Sunday, June 1, 2008

Winslow's surfer story unfolds at breakneck speed




BY BRUCE DeSILVA, Associated Press Writer



The friends always gather at dawn to ride the waves near San Diego's Crystal Pier: Boon Daniels, Hang Twelve, Dave the Love God, High Tide, Johnny Banzai and Sunny Day.

Work? That's something you have to do to make a few bucks for grub and board wax. So Dave's a lifeguard, Sunny's a waitress, Johnny's a cop, and Boone does a little private investigating.

But they don't take their jobs as seriously as, say, their daily debate over The List of Things That Are Good.

"I propose moving fish tacos over all-female outrigger canoe teams," Boone says one morning, precipitating a vigorous debate.

So Boone is only mildly interested when Petra Hall, a lawyer for a fire insurance company, shows up seeking his help.

It seems that Dan Silver, the owner of a strip club called Silver Dan's, has torched one of his buildings and is trying to collect on the policy. A stripper named Tammy Roddick witnessed the arson, which would make this a slam dunk case except for one thing. Nobody's been able to find her since someone hired to keep her from testifying threw her best friend off a balcony in a case of mistaken identity.

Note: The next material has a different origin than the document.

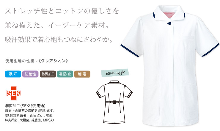 - 吸汗、防縮性、制菌、防汚加工、透防止、制電
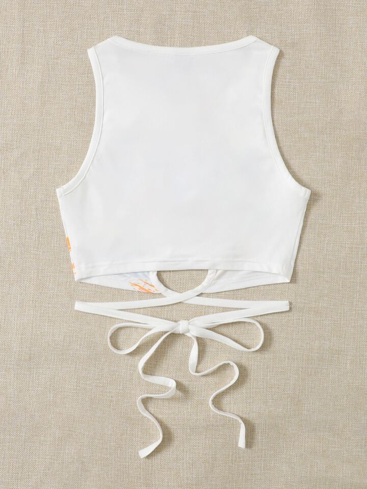 Bikercore 90s Letter Graphic Tie Back Crop Tank Top

Reluctantly, Boone agrees to take the case as long as it doesn't interfere with priority 1: surfing the once-in-a-lifetime tidal surge that is expected to hit the coast in a couple of days.

These are good times for Winslow, a New York-born, Rhode Island-raised, California transplant who has written 10 previous crime novels including the excellent "California Fire and Life." Laurence Fishburne starred in a 2007 movie based on one of them, "The Death and Life of Bobby Z." And now, Michael Mann is directing and Robert De Niro is starring in an adaptation of Winslow's "The Winter of Frankie Machine," which is scheduled for release next year.

In "Dawn Patrol," Winslow keeps the mood light at first. The interplay between the quirky surfer buddies is laugh-out-loud funny. The bad guys seem buffoonish. And the relaxed pace allows plenty of time for quirky digressions about surfing culture and the history of the Southern California coast.

But gradually, the pace quickens, the stakes grow higher, and the bad guys reveal themselves as truly evil. Boone and his surfer buddies have to grow up in a hurry as the last third of this well-crafted book unfolds at breakneck speed.